The doctor said it was possible he could be wrong, but if he was right, early treatment would be the only way to save Rosine’s life. He was very firm and said that if we delayed going to the hospital, she would probably die In a lot of pain. I asked him what the treatment was, but he only said I must discuss this with the experts.
When I explained all of this to my husband, he was sceptical. The hospital we were recommended to attend was five hours from our home, and our funds were small. I suggested we go together to the clinic so he could talk directly with the English doctor, and he agreed. We had another long conversation with the doctor, who insisted we must make the journey to the capital city in the next few days.
My husband was still unsure. How much would this cost? Rosine seemed fine to everyone, even me. She was not sick or in pain. Her vision seemed fine. The doctor did a small experiment to test Rosine’s vision. He covered her left eye and moved his hand from left to right. We watched as her eye followed his hand, but when he covered her right eye, she began to cry, and her eye did not react at all.
The doctor thought Rosine’s left eye was blind. I had a hard time understanding how my daughter could be blind in one eye without any of us noticing. The doctor explained that babies don’t know anything different and simply adjust, and because the sight in her right eye was probably fine, and she wasn’t yet very mobile, it didn’t make much difference to her. The vision loss would be more noticeable in an older, more active child.
So we packed our bags and took an overnight bus to Accra. At the hospital, our five month old daughter was diagnosed with unilateral retinoblastoma. We were shocked and devastated, even more when we learned about the treatment she required.

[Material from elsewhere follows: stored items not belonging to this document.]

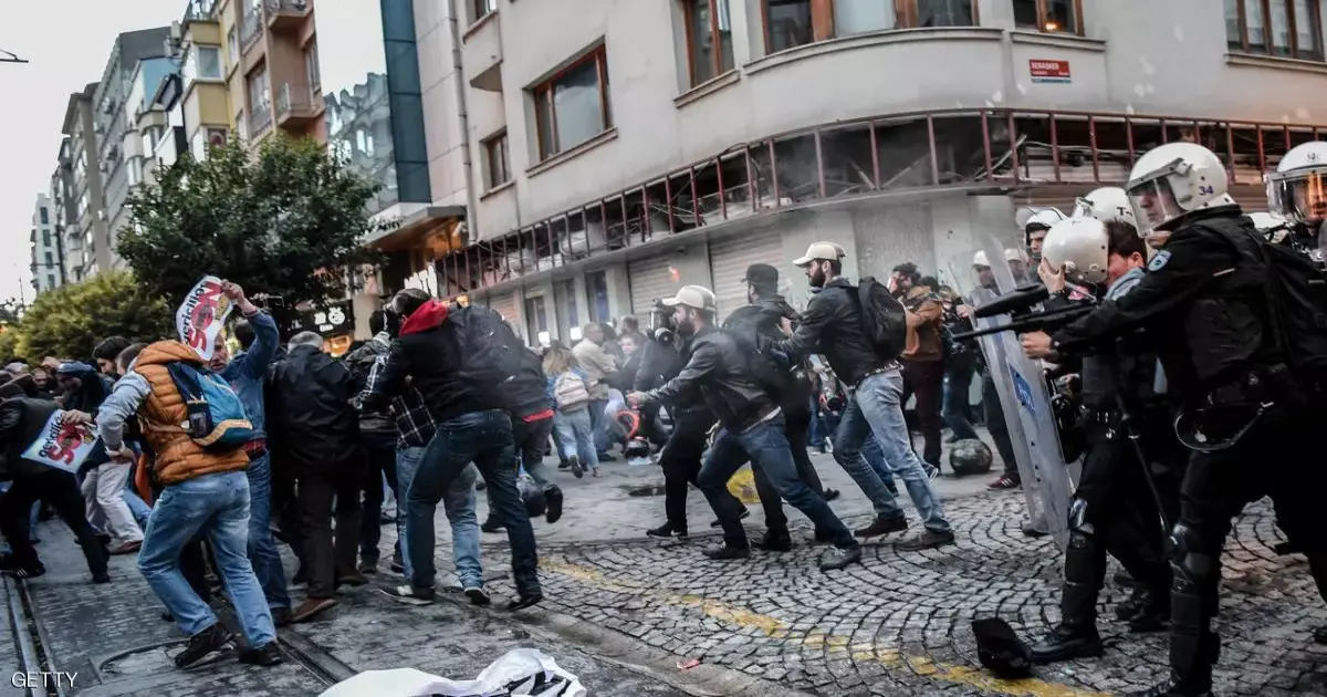 اشتبكت الشرطة التركية مع متظاهرين، الأحد، حاولوا اقتحام ميدان تقسيم وسط إسطنبول للاحتفال بعيد العمال، وقتل شرطي وأصيب آخرون في انفجار سيارة مفخخة استهدفت المبنى الرئيسي لشرطة غازي عنتاب.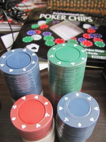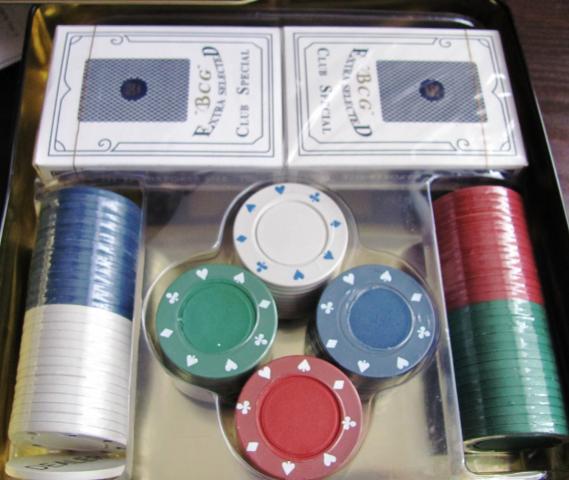 Professional POKER CHIPS: 100profesionalių pokerio žetonų 2 kortų kaladės Dealer žėtonas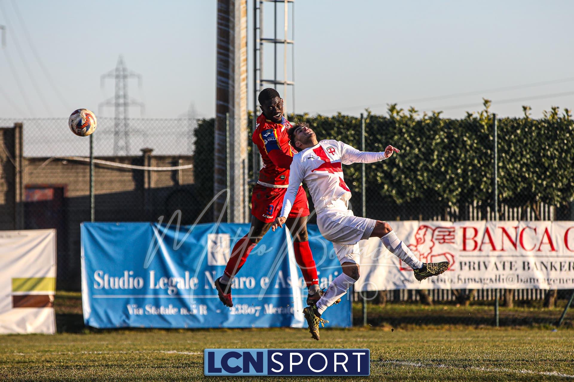 Anche nella ripresa gli ospiti hanno provato ad ostacolare con caparbietà difensiva la più agguerrita Casatese Merate che ha sprecato pure nella seconda metà. Goffi insiste sulla sinistra, ma non riesce a scardinare la retroguardia avversaria. Ancora Casatese: l’azione parte dai piedi di Corno, poi la palla arriva ad Isella ed infine la conclusione lecchese finisce tra le braccia di Stucchi. Foschiani tenta la botta dalla distanza, ma la sfera termina sopra la traversa. Viene annullata per fuorigioco una rete al Club Milano al 53’. Entra Diana ed esce Doria. Diana la crossa dalla sinistra e Gningue realizza la zuccata, ma la palla termina a lato. Diana avanza sulla sinistra, poi Goffi quasi provoca l’autogol avversario, ma Stucchi è attento. Viene cambiato Bolis, che ha ben figurato in questa partita, per far posto a Mendola. Tiro-cross della formazione casalinga dalla sinistra che impensierisce Stucchi che è costretto all’intervento. Punizione della squadra di Pero sulla quale giunge la conclusione dalla distanza che si rivela centrale. Segue il tiro in porta crociato sul quale Bragotto non si fa sorprendere. Colpo di testa della Casatese in area che viene neutralizzato in qualche modo da Stucchi. Doppio muro difensivo biancorosso sul quale si infrangono i tentativi offensivi dei padroni di casa. Rosso per Rigo che lascia in 10 i suoi. Tre minuti di recupero. Gningue ha la palla per il vantaggio, ma la sciupa da pochi passi. Espulsione anche per la Casatese con Losa. Finisce 0-0 senza l’emozione del gol con entrambe le squadre che si devono accontentare di un punto a testa: secondo segno X di fila e quarto risultato utile per i rossoblù che, con 35 punti alla pari con il Sant’Angelo, si collocano a -3 dai playoff, mentre i milanesi, che hanno totalizzato quattro vittorie consecutive prima di questa sfida, sono a +4 dai playout con 26 punti. Ora la Casatese attende la prestigiosa trasferta con la capolista Ospitaletto.

The doctor told us Rosine’s eye must be removed to save her life. I am so thankful to the English doctor for not answering my question about treatment. Perhaps he didn’t know, or maybe he knew that if he told me her eye should be removed, we would not have gone to the hospital, in fear for that being done to our precious child.
We begged for an alternative, and my husband was certain we must go to a private hospital for a second opinion, but we had no money to do that. I remembered the words of the English doctor, that without treatment, she would die in terrible pain. I wanted to save her eye too, but I was not willing to risk the possibility of her dying. We were in an impossible situation.
We thought, if only we had money, this wouldn’t be happening to us, but ironically, it was our lack of money that saved Rosine’s life. I later met other families with good money who delayed surgery for months while looking for a miracle and paying the ultimate price.
So the decision was made to remove Rosine’s eye.
We saved and raised money to buy an artificial eye made for Rosine. Almost two years after her surgery, we traveled to South Africa to receive it. While there, my husband and I were offered scholarships to study at a technical college in Johannesburg, an opportunity that would not have come to us if Rosine had not led our lives along this path.
Today, Rosine is in school and thriving. I don’t know how she could have survived without the knowledge of the English doctor. He came to us like an angel and I’m ashamed to say we do not remember his name, but he is a hero in our lives. Children usually die from this cancer here in Africa. We were ignorant and could so easily have lost our little girl. The education he blessed us with is like breathing the air – life is not possible without it.